Records provided START

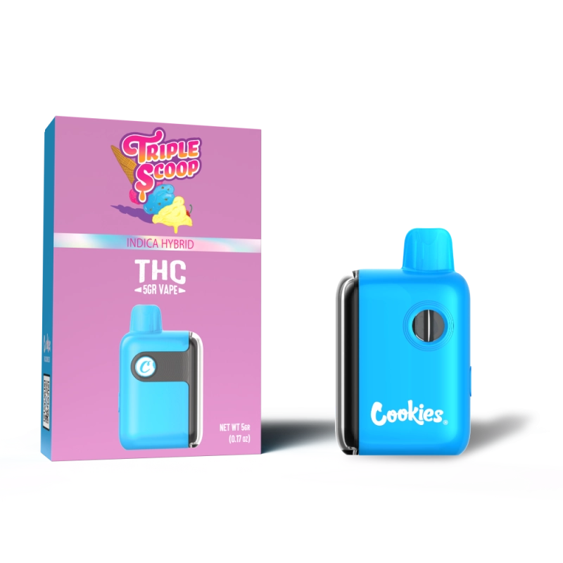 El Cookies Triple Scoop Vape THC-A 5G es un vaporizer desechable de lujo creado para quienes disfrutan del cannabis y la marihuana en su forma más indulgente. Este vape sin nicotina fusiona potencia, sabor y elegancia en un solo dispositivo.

Records provided END
Records provided START

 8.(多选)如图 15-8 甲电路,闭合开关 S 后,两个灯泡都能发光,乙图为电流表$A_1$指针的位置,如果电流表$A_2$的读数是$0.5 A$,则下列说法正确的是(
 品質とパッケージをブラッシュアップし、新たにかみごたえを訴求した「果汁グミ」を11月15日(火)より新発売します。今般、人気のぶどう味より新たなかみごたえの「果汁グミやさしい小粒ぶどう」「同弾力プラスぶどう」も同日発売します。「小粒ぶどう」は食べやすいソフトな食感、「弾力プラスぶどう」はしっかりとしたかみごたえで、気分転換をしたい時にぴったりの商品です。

Records provided END
Records provided START

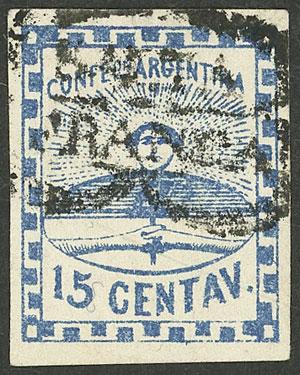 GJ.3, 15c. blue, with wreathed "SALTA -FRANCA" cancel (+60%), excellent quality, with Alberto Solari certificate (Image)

Records provided END

## What is being asked:
For this exercise, output exactly the lines above from the line with "8.(多选)如图 15-8 甲电路,闭合开关" to the line with "品質とパッケージをブラッシュ", counting both, and leave out the rest.

## Written answer:
 8.(多选)如图 15-8 甲电路,闭合开关 S 后,两个灯泡都能发光,乙图为电流表$A_1$指针的位置,如果电流表$A_2$的读数是$0.5 A$,则下列说法正确的是(
 品質とパッケージをブラッシュアップし、新たにかみごたえを訴求した「果汁グミ」を11月15日(火)より新発売します。今般、人気のぶどう味より新たなかみごたえの「果汁グミやさしい小粒ぶどう」「同弾力プラスぶどう」も同日発売します。「小粒ぶどう」は食べやすいソフトな食感、「弾力プラスぶどう」はしっかりとしたかみごたえで、気分転換をしたい時にぴったりの商品です。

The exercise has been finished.